**Material shown:**
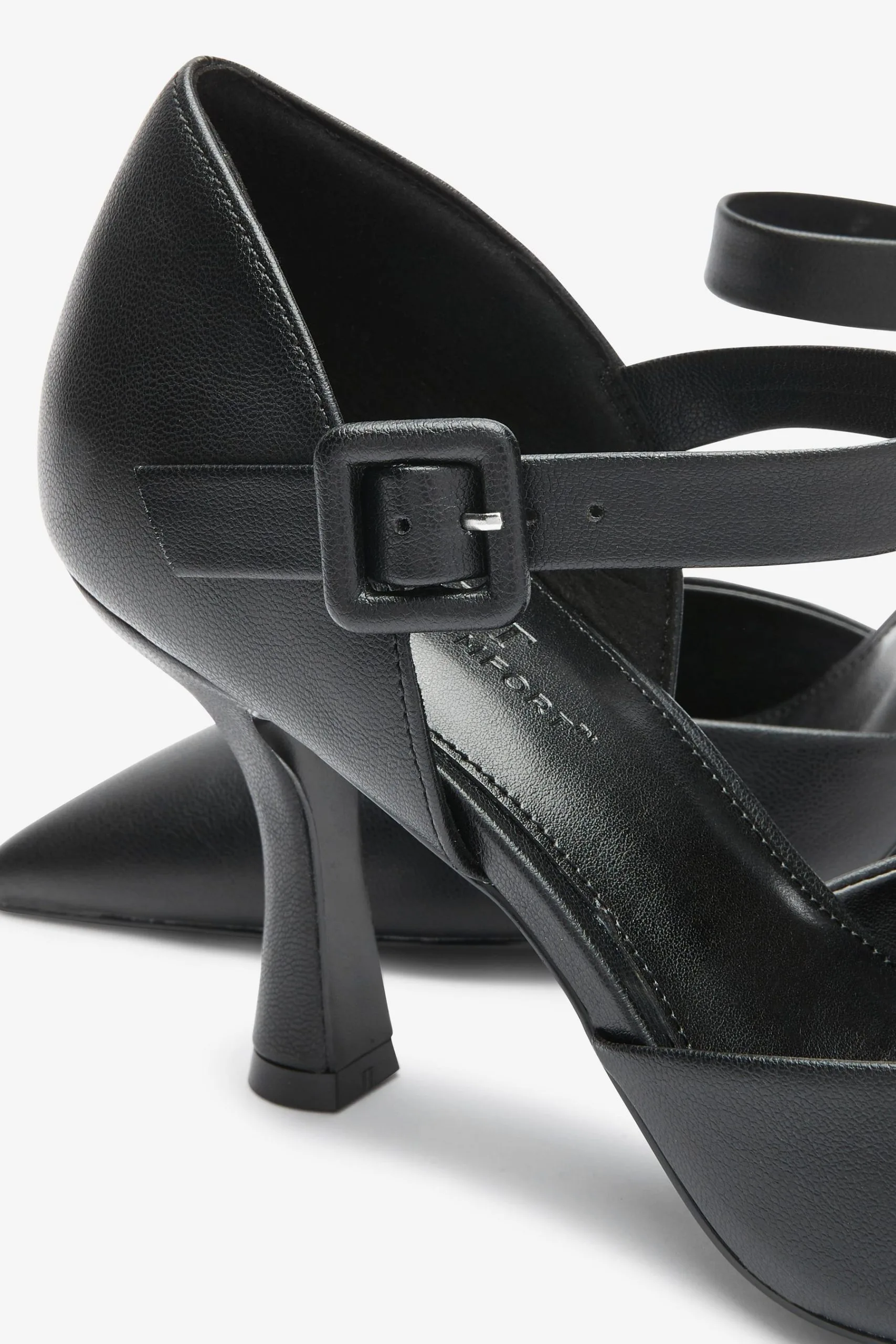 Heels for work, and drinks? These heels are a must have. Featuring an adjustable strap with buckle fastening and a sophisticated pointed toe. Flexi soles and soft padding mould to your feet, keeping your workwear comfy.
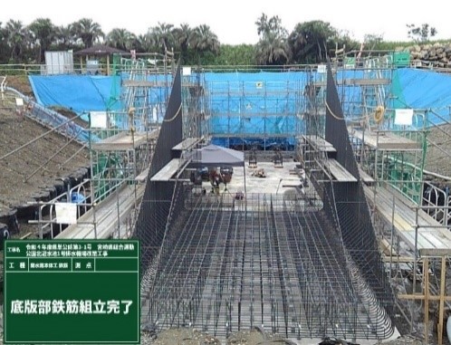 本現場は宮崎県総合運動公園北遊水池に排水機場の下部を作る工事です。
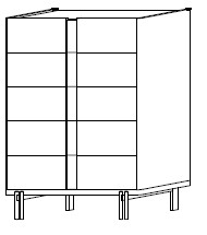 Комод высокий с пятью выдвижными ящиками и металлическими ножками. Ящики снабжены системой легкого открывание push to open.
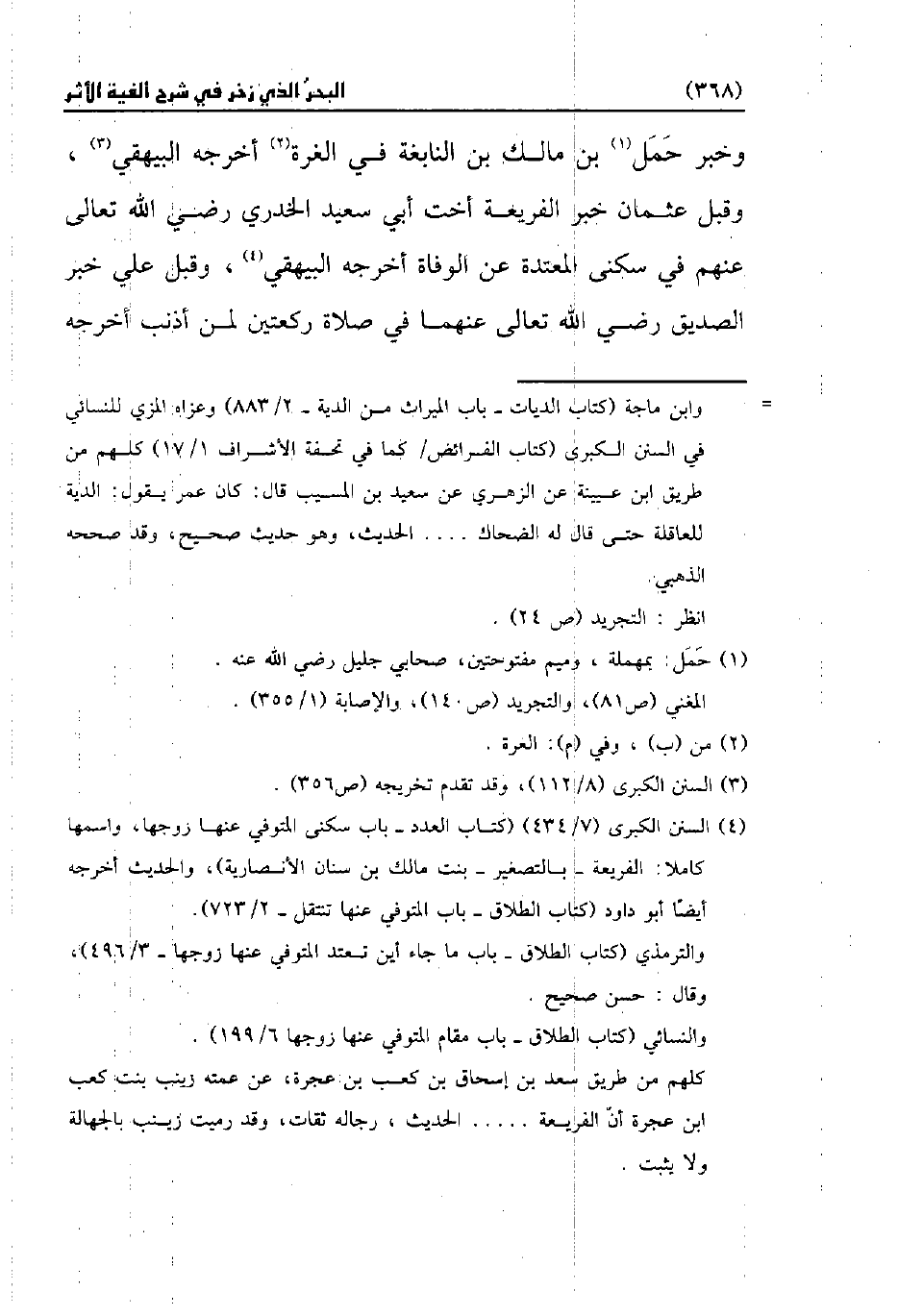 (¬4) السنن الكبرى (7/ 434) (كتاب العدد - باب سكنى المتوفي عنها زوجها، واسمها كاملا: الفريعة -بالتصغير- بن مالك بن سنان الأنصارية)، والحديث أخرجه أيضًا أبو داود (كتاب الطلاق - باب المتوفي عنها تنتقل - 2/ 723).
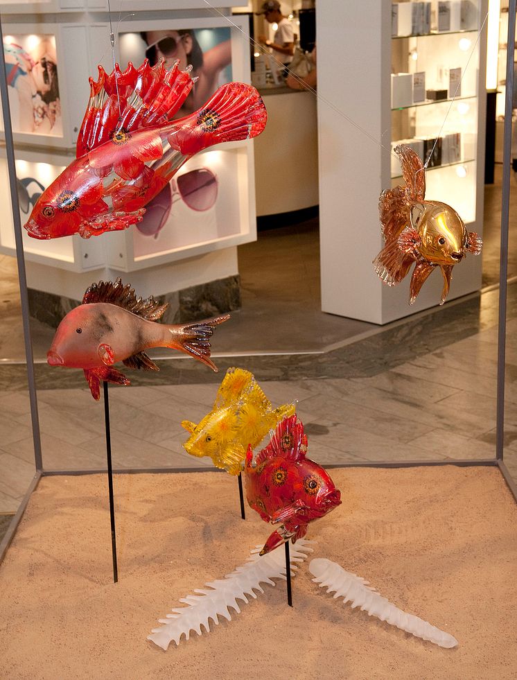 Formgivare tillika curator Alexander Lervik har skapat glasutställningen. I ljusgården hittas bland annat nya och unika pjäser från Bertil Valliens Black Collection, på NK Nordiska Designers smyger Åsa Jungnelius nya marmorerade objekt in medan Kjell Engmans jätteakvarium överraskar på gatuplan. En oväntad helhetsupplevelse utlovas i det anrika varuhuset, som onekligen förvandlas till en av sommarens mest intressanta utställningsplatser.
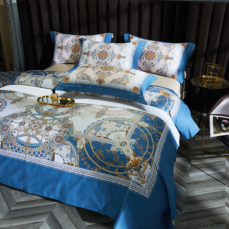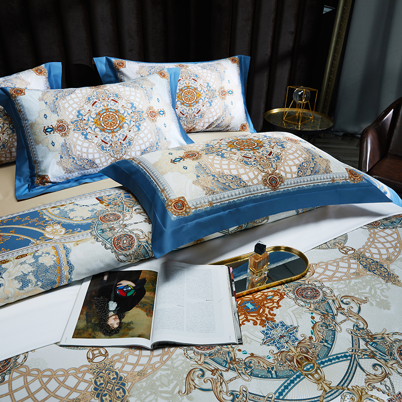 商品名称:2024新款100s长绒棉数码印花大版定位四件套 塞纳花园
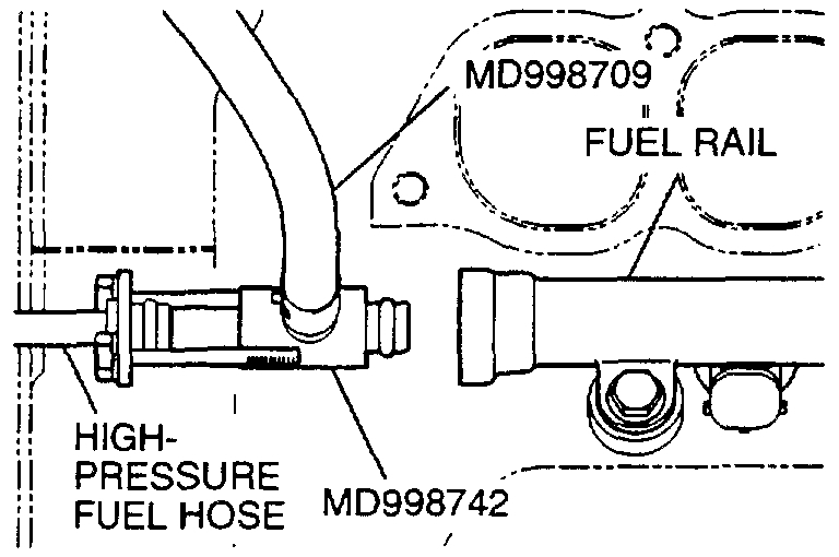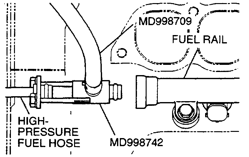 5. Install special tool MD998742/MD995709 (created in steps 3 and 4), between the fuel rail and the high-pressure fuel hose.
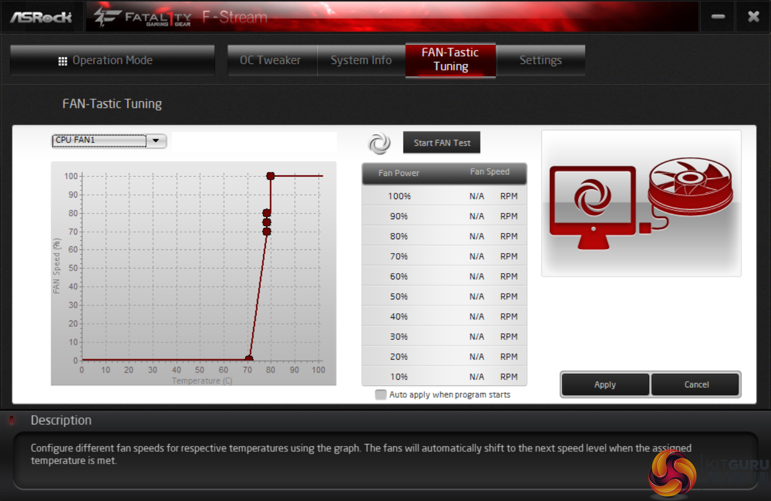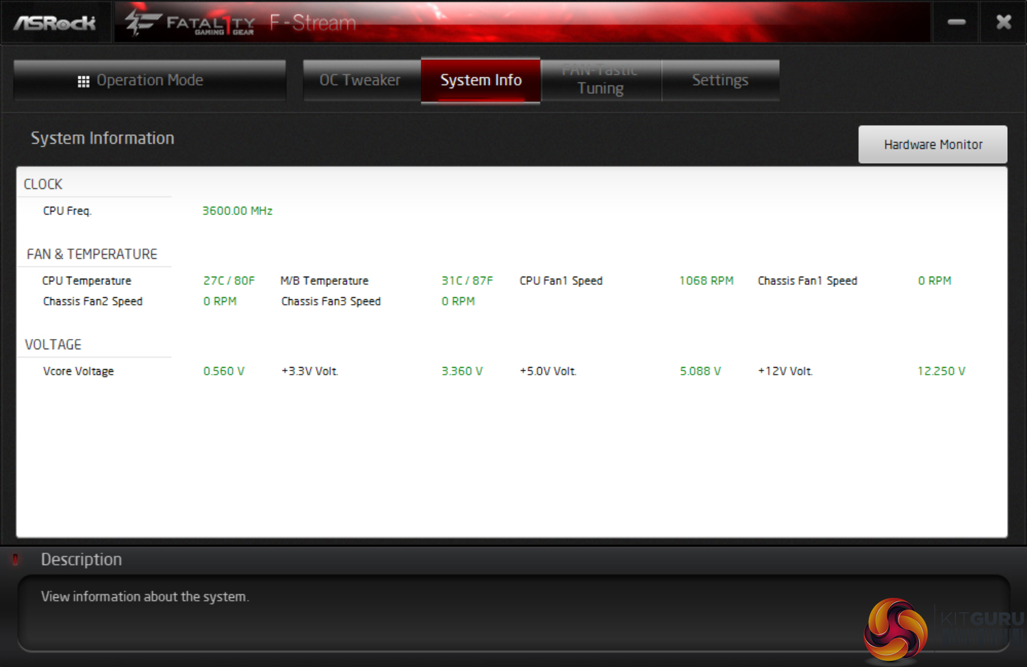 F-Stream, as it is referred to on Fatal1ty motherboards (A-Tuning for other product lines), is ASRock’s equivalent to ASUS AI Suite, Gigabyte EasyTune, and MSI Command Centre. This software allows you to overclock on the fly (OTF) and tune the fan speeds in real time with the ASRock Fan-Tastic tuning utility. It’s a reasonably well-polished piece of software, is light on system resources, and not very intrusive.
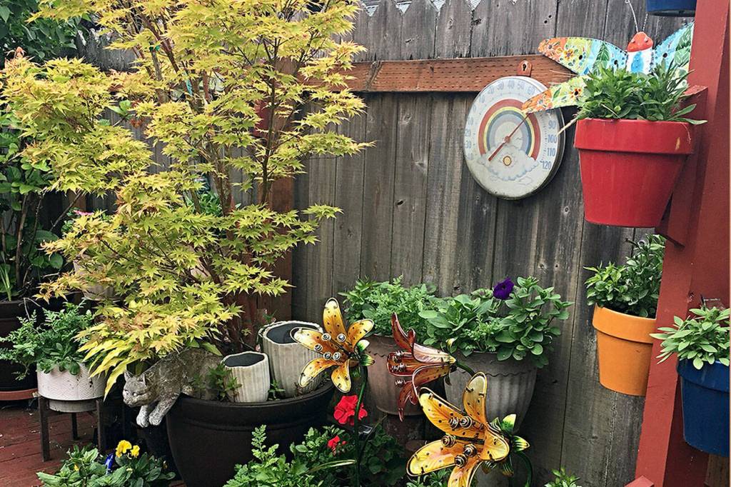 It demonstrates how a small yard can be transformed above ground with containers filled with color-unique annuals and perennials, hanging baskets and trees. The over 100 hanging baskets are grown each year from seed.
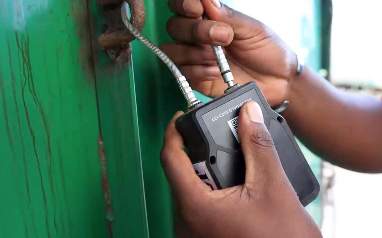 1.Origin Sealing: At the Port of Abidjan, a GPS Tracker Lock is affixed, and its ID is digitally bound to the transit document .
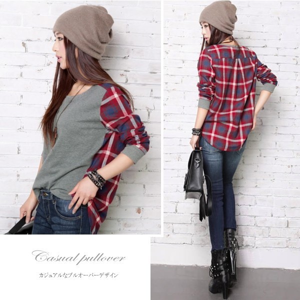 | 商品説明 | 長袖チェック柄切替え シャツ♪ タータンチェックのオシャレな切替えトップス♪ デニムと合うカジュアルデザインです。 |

**Task to complete:**
Strip out the pictures and quote the remaining data word for word.

**Reply:**
 Heels for work, and drinks? These heels are a must have. Featuring an adjustable strap with buckle fastening and a sophisticated pointed toe. Flexi soles and soft padding mould to your feet, keeping your workwear comfy.
 本現場は宮崎県総合運動公園北遊水池に排水機場の下部を作る工事です。
 Комод высокий с пятью выдвижными ящиками и металлическими ножками. Ящики снабжены системой легкого открывание push to open.
 (¬4) السنن الكبرى (7/ 434) (كتاب العدد - باب سكنى المتوفي عنها زوجها، واسمها كاملا: الفريعة -بالتصغير- بن مالك بن سنان الأنصارية)، والحديث أخرجه أيضًا أبو داود (كتاب الطلاق - باب المتوفي عنها تنتقل - 2/ 723).
 Formgivare tillika curator Alexander Lervik har skapat glasutställningen. I ljusgården hittas bland annat nya och unika pjäser från Bertil Valliens Black Collection, på NK Nordiska Designers smyger Åsa Jungnelius nya marmorerade objekt in medan Kjell Engmans jätteakvarium överraskar på gatuplan. En oväntad helhetsupplevelse utlovas i det anrika varuhuset, som onekligen förvandlas till en av sommarens mest intressanta utställningsplatser.
 商品名称:2024新款100s长绒棉数码印花大版定位四件套 塞纳花园
 5. Install special tool MD998742/MD995709 (created in steps 3 and 4), between the fuel rail and the high-pressure fuel hose.
 F-Stream, as it is referred to on Fatal1ty motherboards (A-Tuning for other product lines), is ASRock’s equivalent to ASUS AI Suite, Gigabyte EasyTune, and MSI Command Centre. This software allows you to overclock on the fly (OTF) and tune the fan speeds in real time with the ASRock Fan-Tastic tuning utility. It’s a reasonably well-polished piece of software, is light on system resources, and not very intrusive.
 It demonstrates how a small yard can be transformed above ground with containers filled with color-unique annuals and perennials, hanging baskets and trees. The over 100 hanging baskets are grown each year from seed.
 1.Origin Sealing: At the Port of Abidjan, a GPS Tracker Lock is affixed, and its ID is digitally bound to the transit document .
 | 商品説明 | 長袖チェック柄切替え シャツ♪ タータンチェックのオシャレな切替えトップス♪ デニムと合うカジュアルデザインです。 |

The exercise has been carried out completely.